# MA EMT patch



## medichopeful (Mar 31, 2010)

Hi all,

I have a pretty stupid question.  I researched it online, but didn't really find any definitive answers <_<

Which is the correct sleeve for the MA EMT patch?  Right sleeve or left sleeve? I have to sew mine on at some point.

Thanks!
Eric


----------



## EMSLaw (Mar 31, 2010)

medichopeful said:


> Hi all,
> 
> I have a pretty stupid question.  I researched it online, but didn't really find any definitive answers <_<
> 
> ...



Usually your state patch goes on the right, because your service patch goes on the left.  But your employer could be different.  I don't think there's a hard and fast rule.


----------



## TransportJockey (Mar 31, 2010)

Ditto with EMSLaw. I keep a US flag on my left shoulder and my NR patch on the right. Although that's from working at the hospital, so I didn't have a service patch, and my jacket has velcro spots on both sleeves


----------



## medichopeful (Mar 31, 2010)

jtpaintball70 said:


> Ditto with EMSLaw. I keep a US flag on my left shoulder and my NR patch on the right. Although that's from working at the hospital, so I didn't have a service patch, and my jacket has velcro spots on both sleeves



Okay thanks you two.  I don't have a service patch either, so I'm replacing it with a flag.


----------



## lightsandsirens5 (Mar 31, 2010)

Our WA state patch goes on the left chest. I'm not sure if that is just a regional thing or a statewide thing. We have a unique situation because we wear our service patch on our right sleeve and the county sheriff's office patch on the left. But even AMR down in Spokane Co. wears the state patch on their left chest.


----------



## medicdan (Mar 31, 2010)

Again, especially in MA, training always goes on right, affiliation on left. Make sure, though, if you are putting a flag on your left that it is facing the correct direction.
What are you putting a patch on, if you aren't working? FYI, in MA, wearing a patch gives you a duty to act... and that isnt always a good thing...


----------



## medichopeful (Apr 1, 2010)

emt.dan said:


> Again, especially in MA, training always goes on right, affiliation on left. Make sure, though, if you are putting a flag on your left that it is facing the correct direction.
> What are you putting a patch on, if you aren't working? FYI, in MA, wearing a patch gives you a duty to act... and that isnt always a good thing...

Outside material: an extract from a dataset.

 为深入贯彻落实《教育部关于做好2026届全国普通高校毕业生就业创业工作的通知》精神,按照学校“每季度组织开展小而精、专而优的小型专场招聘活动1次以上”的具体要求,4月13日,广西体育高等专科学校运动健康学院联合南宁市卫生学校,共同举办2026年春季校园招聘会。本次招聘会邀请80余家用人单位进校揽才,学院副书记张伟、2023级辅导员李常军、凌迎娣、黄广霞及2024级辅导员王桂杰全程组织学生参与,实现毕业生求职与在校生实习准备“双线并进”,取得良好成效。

Thanks.  I do know about the flag thing.  Stars facing forward, running TOWARDS the scene.  Not retreating B)

Didn't know about the duty to act with the patch on, but that's not really a problem as I'd only be wearing it while working.

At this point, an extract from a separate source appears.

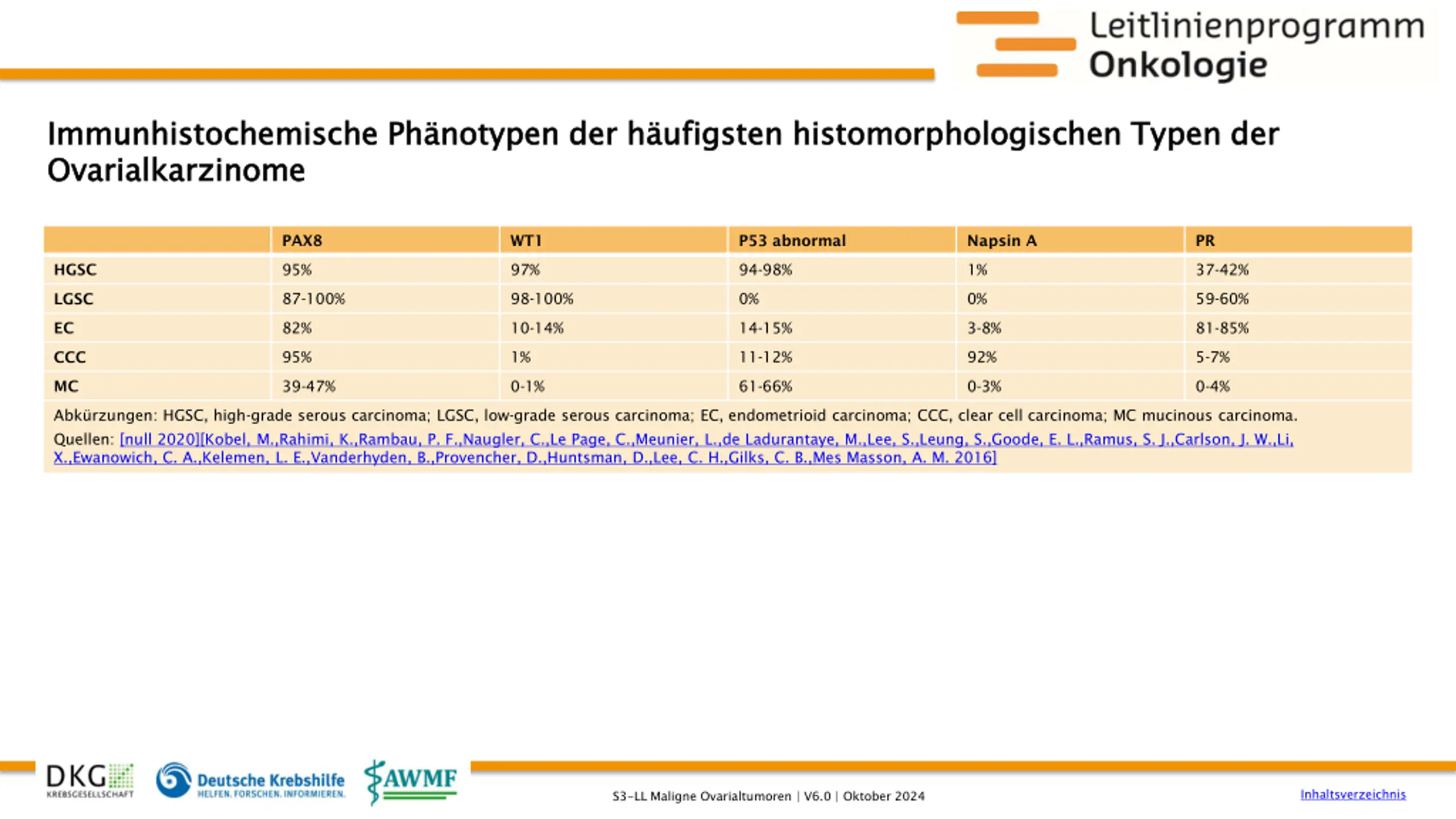 Immunhistochemische Phnotypen der hufigsten histomorphologischen Typen der Ovarialkarzinome Immunhistochemische Ph notypen der h ufigsten histomorphologischen Typen der Ovarialkarzinome PAX8 WT1 P53 abnormal Napsin A PR 95% 97% 94-98% 1% 37-42% HGSC 87-100% 98-100% 0% 0% 59-60% LGSC 82% 10-14% 14-15% 3-8% 81-85% EC 95% 1% 11-12% 92% 5-7% CCC 39-47% 0-1% 61-66% 0-3% 0-4% MC Abk rzungen: HGSC, high-grade serous carcinoma; LGSC, low-grade serous carcinoma; EC, endometrioid carcinoma; CCC, clear cell carcinoma; MC mucinous carcinoma. Quellen: [null 2020][Kobel, M.,Rahimi, K.,Rambau, P. F.,Naugler, C.,Le Page, C.,Meunier, L.,de Ladurantaye, M.,Lee, S.,Leung, S.,Goode, E. L.,Ramus, S. J.,Carlson, J. W.,Li, X.,Ewanowich, C. A.,Kelemen, L. E.,Vanderhyden, B.,Provencher, D.,Huntsman, D.,Lee, C. H.,Gilks, C. B.,Mes Masson, A. M. 2016] Inhaltsverzeichnis S3-LL Maligne Ovarialtumoren | V6.0 | Oktober 2024

As far as working goes, there's a misunderstanding.  I AM working as an EMT, but my agency (campus EMS) does not have it's own patch.  I'm replacing it with an American flag.

Thanks!


----------



## MRE (Apr 1, 2010)

emt.dan said:


> Again, especially in MA, training always goes on right, affiliation on left. Make sure, though, if you are putting a flag on your left that it is facing the correct direction.
> What are you putting a patch on, if you aren't working? FYI, in MA, wearing a patch gives you a duty to act... and that isnt always a good thing...



Can you cite a source for the duty to act if wearing a patch?


----------



## medicdan (Apr 1, 2010)

No, I cannot. After some research, I cannot find any sources. Let it stand now as "Dan thinks it can end up causing more problems then it helps".


----------



## TransportJockey (Apr 1, 2010)

When I lived in NM, being identifiable as an EMT was pretty much an automatic duty to act. not sure about up here though


----------



## MRE (Apr 1, 2010)

emt.dan said:


> No, I cannot. After some research, I cannot find any sources. Let it stand now as "Dan thinks it can end up causing more problems then it helps".



Ok, I wasn't saying I don't believe you, just that if we could find something I would like to post it at my dept for everyone else to see.


----------



## EMSLaw (Apr 1, 2010)

I hope the patch is at least an attractive one.


----------



## dmc2007 (Apr 4, 2010)

emt.dan said:


> No, I cannot. After some research, I cannot find any sources. Let it stand now as "Dan thinks it can end up causing more problems then it helps".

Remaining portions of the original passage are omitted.